When Walz and Vance take the stage, tens of thousands of people won’t know if their loved ones are alive or if they have a home to go back to. Many more will just be beginning a recovery effort that will take years and cost an estimated $90 billion or more. And Helene is just one sign of the catastrophic destruction that climate change could bring.
We deserve some answers from these men who are running to be second in line to the presidency. CBS debate moderator Norah O'Donnell must ask both JD Vance and Tim Walz what their administrations would do to stop disasters like Helene from becoming the new normal. And, in particular, she needs to be ready to hold JD Vance accountable to actually delivering a response.
With the backdrop of Helene, O'Donnell has an opportunity to show a different path tonight. She can ask strong questions and be ready with facts to hold Vance accountable.
The reality is that our politicians are not confronting the climate crisis at the scale and speed that science and justice demand. Our Vice President is boasting about record oil and gas production in a time when scientists have warned we must be decarbonizing as fast as possible. And her opponent, Donald Trump, is a climate denier who has promised oil and gas billionaires to do their bidding in exchange for a billion dollars. When the candidates were asked about climate change in the last debate, Trump entirely dodged the question, instead pivoting to an irrelevant tangent about auto-plants and tariffs, despite the fact that Biden’s landmark Inflation Reduction Act actually created manufacturing jobs. ABC news moderators didn’t follow up or press the question.
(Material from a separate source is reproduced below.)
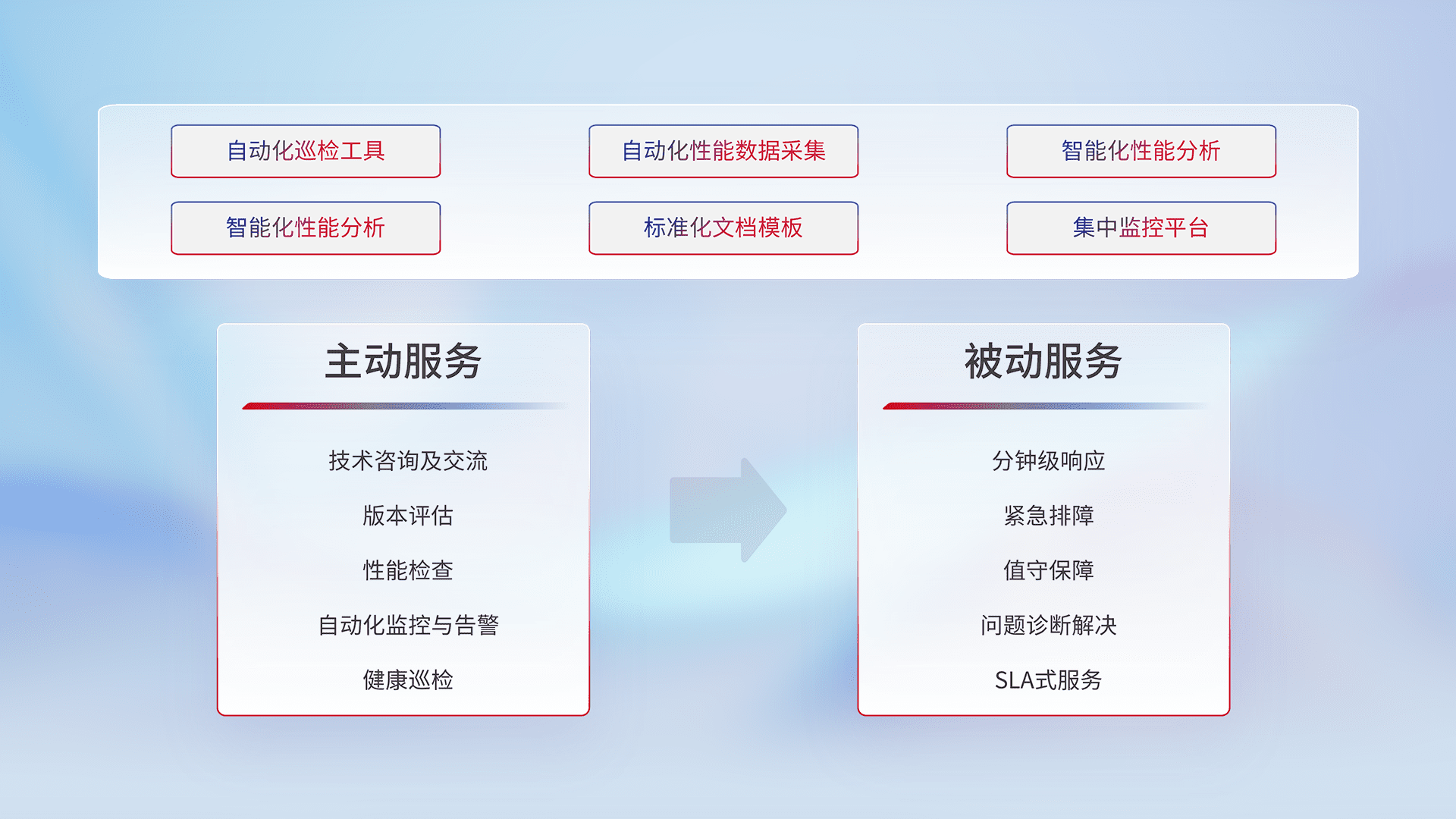 智能化工具和标准化文档,,,保障服务质量,,,,提供主动服务(包含技术咨询、、、版本评估、、性能检查、、自动化监控与告警、、、健康巡检)和被动服务包含(分钟级响应、、、紧急排障、、、、值守保障、、、问题诊断解决、、、SLA服务)。。。。

In the year 2024 that doesn’t cut it. Scientists say we have just a handful of years left to stop catastrophic climate change. Helene’s apocalyptic nature is only a sign of the years to come. That makes the next four years of American politics an absolutely critical time for bold climate policy. We could be investing in resilient renewable electricity grids, updating our bridges and our roads, and making sure our homes and infrastructure are ready for disaster. We could be restoring wetlands, mangroves, and forests; expanding FEMA; and building a workforce that is ready to respond to disasters. And above all, we need to decarbonize our economy as fast as humanly possible.
But looking at media coverage, you’d hardly know the urgency of the climate crisis. The vast majority of media coverage of disasters like Helene doesn’t identify climate change as a factor. Even when broadcast news does talk about climate change, only 12% of the time do they mention burning fossil fuels as the problem. And in a bizarre attempt at neutrality, climate deniers in the Republican Party are regularly platformed without being fact-checked or held accountable for their lies.
With the backdrop of Helene, O'Donnell has an opportunity to show a different path tonight. She can ask strong questions and be ready with facts to hold Vance accountable. She should have on hand statements from JD Vance outlining his denial of human-caused climate change—a sharp reversal from his status as a green tech investor just a few years ago. She should be ready to cite opposition to the Inflation Reduction Act, a landmark green energy bill that invests $12 billion in Ohio’s green energy economy and has created good, union jobs.
In a time when we face unprecedented disaster, we need our media institutions to be a source of truth and honesty and to be ready to hold those in power accountable. The tens of thousands of people who have lost their homes to Helene, the people who have had to evacuate from wildfires, the elderly and young people who have died from heat waves, the young people who are scared for their future—we are owed answers.